Available records
+++

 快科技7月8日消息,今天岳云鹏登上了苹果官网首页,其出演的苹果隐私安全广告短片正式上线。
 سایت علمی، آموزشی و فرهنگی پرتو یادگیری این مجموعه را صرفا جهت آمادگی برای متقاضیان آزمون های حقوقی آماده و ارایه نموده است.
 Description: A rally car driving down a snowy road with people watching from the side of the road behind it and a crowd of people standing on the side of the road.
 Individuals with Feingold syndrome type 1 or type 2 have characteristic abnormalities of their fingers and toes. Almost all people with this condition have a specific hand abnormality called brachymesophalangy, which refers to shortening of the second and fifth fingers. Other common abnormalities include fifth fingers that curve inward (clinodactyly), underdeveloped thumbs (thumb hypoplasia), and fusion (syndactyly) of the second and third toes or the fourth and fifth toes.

+++

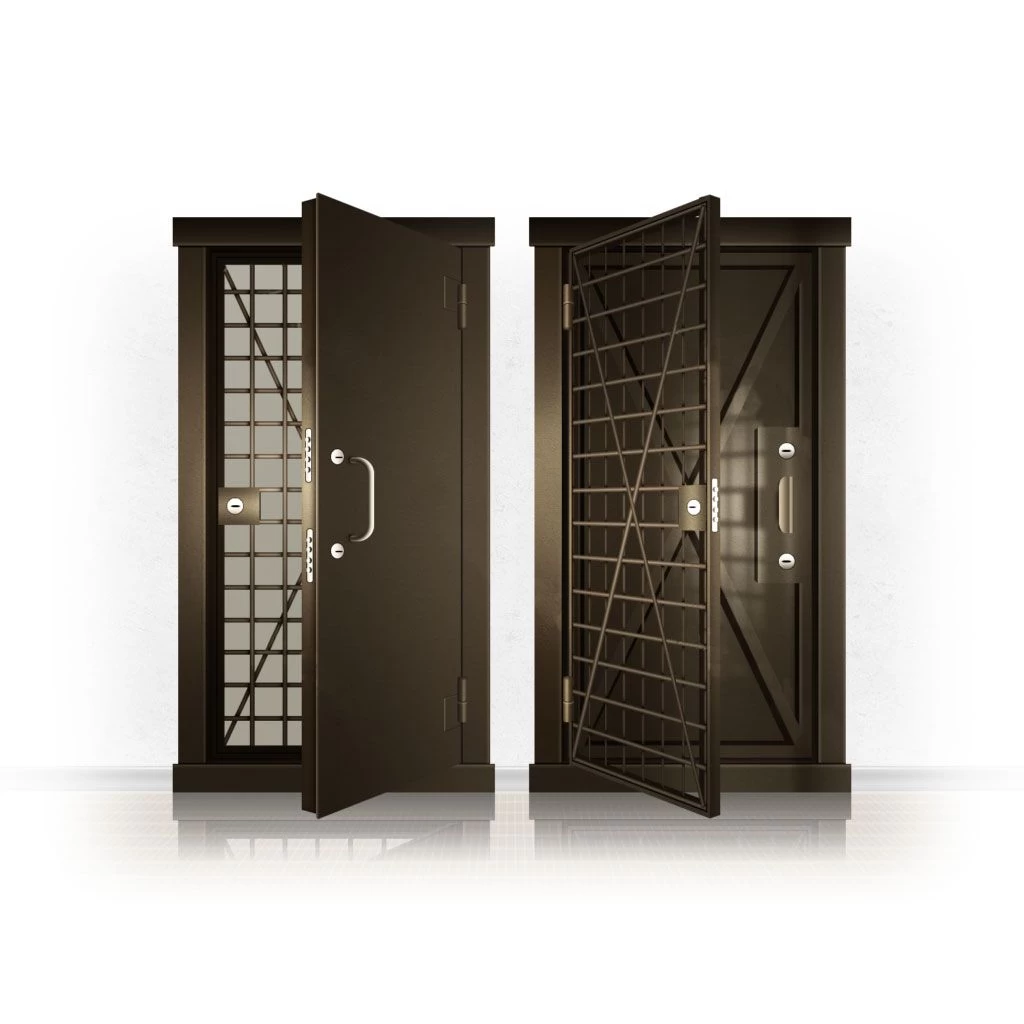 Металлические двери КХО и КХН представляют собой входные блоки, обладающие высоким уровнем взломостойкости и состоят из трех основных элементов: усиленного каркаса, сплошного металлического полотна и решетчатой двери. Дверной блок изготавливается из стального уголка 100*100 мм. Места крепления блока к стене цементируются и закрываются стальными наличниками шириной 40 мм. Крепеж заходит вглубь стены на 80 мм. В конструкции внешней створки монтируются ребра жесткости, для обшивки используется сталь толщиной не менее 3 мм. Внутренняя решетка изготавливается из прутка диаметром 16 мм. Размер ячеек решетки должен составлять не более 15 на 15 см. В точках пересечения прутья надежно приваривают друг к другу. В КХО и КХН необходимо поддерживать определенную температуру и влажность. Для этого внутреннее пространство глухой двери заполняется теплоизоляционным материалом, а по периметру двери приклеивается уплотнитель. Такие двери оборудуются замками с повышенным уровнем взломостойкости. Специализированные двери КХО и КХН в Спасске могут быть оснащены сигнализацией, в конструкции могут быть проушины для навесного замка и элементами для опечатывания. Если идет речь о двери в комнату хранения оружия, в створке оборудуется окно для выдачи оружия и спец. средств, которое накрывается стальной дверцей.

+++

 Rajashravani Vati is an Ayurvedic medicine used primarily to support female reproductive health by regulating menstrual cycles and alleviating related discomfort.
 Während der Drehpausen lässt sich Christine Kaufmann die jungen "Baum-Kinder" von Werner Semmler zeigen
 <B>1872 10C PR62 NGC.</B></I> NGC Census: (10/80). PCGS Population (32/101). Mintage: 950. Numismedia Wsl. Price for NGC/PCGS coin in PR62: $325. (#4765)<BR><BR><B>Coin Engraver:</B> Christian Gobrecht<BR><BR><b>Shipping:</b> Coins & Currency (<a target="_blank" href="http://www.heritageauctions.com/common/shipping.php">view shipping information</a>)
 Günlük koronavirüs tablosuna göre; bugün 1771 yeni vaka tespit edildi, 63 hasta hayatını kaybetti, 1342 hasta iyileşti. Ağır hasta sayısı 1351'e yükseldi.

+++

What the task requires
Search the material for "with" and copy each matching line.

Answer for this exercise
 Description: A rally car driving down a snowy road with people watching from the side of the road behind it and a crowd of people standing on the side of the road.
 Individuals with Feingold syndrome type 1 or type 2 have characteristic abnormalities of their fingers and toes. Almost all people with this condition have a specific hand abnormality called brachymesophalangy, which refers to shortening of the second and fifth fingers. Other common abnormalities include fifth fingers that curve inward (clinodactyly), underdeveloped thumbs (thumb hypoplasia), and fusion (syndactyly) of the second and third toes or the fourth and fifth toes.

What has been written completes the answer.